A former circus lion is released into an enclosure as Tim Phillips, ADI Campaigns Director, right, watches at Emoya Big Cat Sanctuary, in Vaalwater, northern South Africa, May 1, 2016.
A former circus lion is released into an enclosure as Tim Phillips, ADI Campaigns Director, right, watches at Emoya Big Cat Sanctuary, in Vaalwater, northern South Africa, May 1, 2016.

The roars of lions filled the cargo section of Johannesburg's OR Tambo International Airport Saturday evening as 33 lions rescued from South American circuses landed in South Africa where they will be released into a bush sanctuary for big cats.

It was the largest airlift of lions in history, said Jan Creamer, president of Animal Defenders International, which carried out the operation.

"These lion have suffered tremendously,'' Creamer said as the lions were loaded in crates onto trucks.

"They lived in small cages on the backs of trucks for their entire lives. Some of them had their teeth bashed in with steel pipes in circuses in Colombia and Peru. Some of them had their claws removed. ... It is a wonderful feeling to bring them back to their home.''

Nine of the lions were surrendered by a circus in Colombia. The remaining 24 were rescued in raids on circuses in Peru by the animal defense group and officials enforcing a crackdown on wildlife trafficking.

The lions will be placed in quarantine in enclosures at the 5,000-hectare (12,355-acre) Emoya Big Cat Sanctuary in Vaalwater in northern South Africa, started three years ago by a single mother and her teenage daughter.

The 33 lions will be monitored by a vet for their first weeks in Africa. They will then be introduced to each other in a 1-hectare (2.47-acre) bonding enclosure. Many of the lions were never allowed to have direct physical contact with other lions and have never been together without a fence or a cage separating them.

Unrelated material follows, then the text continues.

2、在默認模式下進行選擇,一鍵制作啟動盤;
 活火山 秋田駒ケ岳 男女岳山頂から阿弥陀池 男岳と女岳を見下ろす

Due to their poor physical state, the lions will never be able to hunt again and will have to be cared for with food and water for the rest of their lives. Emoya will feed the cats with game meat which it buys in bulk.

The enclosures will be fitted with drinking pools, platforms and toys to ensure the lions don't become bored and will be steadily expanded as they become familiar with their new life, said Savannah Heuser, who started Emoya with her mother.

Emoya, in an area with a mix of habitats including mountainous regions, rolling grasslands, forests, cliff caves and river gorges, has a strict non-breeding policy, Heuser told The Associated Press.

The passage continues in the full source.